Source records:
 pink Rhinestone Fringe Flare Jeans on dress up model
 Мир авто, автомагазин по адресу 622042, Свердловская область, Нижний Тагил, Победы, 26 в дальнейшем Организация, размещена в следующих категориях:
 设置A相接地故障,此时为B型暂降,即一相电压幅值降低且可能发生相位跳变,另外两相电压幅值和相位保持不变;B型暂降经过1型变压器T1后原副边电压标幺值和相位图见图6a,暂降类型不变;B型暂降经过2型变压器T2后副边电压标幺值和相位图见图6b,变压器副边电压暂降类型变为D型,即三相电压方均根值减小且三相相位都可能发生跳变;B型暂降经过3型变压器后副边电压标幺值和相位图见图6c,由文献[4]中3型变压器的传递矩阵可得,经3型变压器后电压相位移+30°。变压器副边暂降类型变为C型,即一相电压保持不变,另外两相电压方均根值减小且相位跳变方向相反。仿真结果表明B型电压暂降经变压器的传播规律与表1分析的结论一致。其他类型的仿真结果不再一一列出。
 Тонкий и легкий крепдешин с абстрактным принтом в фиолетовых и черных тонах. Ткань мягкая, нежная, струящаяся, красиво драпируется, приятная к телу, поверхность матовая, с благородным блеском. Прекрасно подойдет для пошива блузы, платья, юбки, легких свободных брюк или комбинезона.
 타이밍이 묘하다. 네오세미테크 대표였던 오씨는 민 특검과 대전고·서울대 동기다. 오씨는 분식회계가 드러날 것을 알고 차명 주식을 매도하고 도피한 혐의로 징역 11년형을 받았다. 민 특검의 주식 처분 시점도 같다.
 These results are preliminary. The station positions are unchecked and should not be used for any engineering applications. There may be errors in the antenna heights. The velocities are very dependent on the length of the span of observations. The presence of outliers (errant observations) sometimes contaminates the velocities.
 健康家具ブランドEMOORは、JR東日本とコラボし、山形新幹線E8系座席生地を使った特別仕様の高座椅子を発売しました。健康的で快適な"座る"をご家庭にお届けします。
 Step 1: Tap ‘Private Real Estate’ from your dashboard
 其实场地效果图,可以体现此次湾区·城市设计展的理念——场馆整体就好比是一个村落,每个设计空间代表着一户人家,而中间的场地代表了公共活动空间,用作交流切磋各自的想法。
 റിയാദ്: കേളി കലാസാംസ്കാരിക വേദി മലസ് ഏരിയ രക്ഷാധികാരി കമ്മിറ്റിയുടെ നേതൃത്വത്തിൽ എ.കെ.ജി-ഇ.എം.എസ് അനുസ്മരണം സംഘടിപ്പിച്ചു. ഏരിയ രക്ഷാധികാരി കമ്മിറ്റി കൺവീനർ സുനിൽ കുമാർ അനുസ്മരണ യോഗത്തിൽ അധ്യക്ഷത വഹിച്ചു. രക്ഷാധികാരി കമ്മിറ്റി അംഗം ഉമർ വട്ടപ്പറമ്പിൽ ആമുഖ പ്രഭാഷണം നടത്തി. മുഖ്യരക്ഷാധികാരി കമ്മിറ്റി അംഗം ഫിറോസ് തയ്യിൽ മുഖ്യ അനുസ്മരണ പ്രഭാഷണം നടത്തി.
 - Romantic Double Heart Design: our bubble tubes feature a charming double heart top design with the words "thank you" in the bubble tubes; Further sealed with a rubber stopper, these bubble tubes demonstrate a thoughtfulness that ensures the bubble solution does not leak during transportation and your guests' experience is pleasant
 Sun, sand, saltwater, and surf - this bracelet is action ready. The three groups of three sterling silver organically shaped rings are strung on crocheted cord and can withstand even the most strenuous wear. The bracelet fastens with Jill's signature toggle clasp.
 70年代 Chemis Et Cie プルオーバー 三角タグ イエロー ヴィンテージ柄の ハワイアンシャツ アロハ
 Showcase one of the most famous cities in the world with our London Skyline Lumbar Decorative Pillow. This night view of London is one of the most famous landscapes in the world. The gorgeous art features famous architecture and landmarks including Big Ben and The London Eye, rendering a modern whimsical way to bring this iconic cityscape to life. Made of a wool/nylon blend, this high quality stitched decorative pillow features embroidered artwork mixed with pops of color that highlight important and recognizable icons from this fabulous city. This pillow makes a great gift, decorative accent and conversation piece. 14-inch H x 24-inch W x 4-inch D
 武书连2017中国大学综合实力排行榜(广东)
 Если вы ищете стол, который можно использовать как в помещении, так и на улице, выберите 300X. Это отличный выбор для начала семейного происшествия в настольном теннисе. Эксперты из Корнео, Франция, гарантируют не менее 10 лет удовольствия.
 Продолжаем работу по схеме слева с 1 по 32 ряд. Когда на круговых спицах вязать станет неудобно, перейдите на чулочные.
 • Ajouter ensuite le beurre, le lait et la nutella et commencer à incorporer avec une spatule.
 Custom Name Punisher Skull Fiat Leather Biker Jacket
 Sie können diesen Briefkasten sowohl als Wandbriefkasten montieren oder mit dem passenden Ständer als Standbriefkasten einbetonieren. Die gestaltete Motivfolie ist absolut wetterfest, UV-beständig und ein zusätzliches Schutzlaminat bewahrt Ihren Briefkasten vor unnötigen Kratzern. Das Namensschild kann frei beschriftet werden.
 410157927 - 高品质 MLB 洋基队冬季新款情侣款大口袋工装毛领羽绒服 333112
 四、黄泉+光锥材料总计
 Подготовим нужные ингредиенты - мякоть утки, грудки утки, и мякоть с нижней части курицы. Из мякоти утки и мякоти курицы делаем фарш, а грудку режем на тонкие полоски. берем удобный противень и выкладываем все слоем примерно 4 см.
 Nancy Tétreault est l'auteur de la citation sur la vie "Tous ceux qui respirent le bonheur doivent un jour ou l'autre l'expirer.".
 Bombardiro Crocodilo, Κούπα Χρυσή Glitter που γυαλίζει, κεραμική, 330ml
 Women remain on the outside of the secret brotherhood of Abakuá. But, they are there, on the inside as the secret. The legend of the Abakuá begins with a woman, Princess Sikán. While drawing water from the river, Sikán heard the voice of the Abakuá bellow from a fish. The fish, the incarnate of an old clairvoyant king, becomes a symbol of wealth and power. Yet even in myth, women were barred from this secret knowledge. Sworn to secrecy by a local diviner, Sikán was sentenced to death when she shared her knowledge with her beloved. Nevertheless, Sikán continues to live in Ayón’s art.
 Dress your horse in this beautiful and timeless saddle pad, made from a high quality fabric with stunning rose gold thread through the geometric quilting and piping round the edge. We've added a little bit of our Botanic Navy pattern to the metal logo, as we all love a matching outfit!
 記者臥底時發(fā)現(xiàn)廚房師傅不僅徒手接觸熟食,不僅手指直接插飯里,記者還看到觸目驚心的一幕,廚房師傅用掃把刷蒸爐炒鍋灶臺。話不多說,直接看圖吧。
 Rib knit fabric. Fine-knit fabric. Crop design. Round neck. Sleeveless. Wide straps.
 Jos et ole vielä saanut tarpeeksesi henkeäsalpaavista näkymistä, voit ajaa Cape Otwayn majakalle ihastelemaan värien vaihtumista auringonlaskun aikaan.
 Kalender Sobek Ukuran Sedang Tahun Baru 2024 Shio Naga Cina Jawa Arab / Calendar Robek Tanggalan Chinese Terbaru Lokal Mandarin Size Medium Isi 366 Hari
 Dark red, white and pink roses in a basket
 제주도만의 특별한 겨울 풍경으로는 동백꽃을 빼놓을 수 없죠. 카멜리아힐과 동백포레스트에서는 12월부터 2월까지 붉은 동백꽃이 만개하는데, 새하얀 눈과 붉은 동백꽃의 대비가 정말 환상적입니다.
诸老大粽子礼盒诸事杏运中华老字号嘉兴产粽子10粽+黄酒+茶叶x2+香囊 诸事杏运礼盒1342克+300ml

Work item: The required output is a copy of each line in the records where the string "fabric" occurs.

Solved problem:
 Dress your horse in this beautiful and timeless saddle pad, made from a high quality fabric with stunning rose gold thread through the geometric quilting and piping round the edge. We've added a little bit of our Botanic Navy pattern to the metal logo, as we all love a matching outfit!
 Rib knit fabric. Fine-knit fabric. Crop design. Round neck. Sleeveless. Wide straps.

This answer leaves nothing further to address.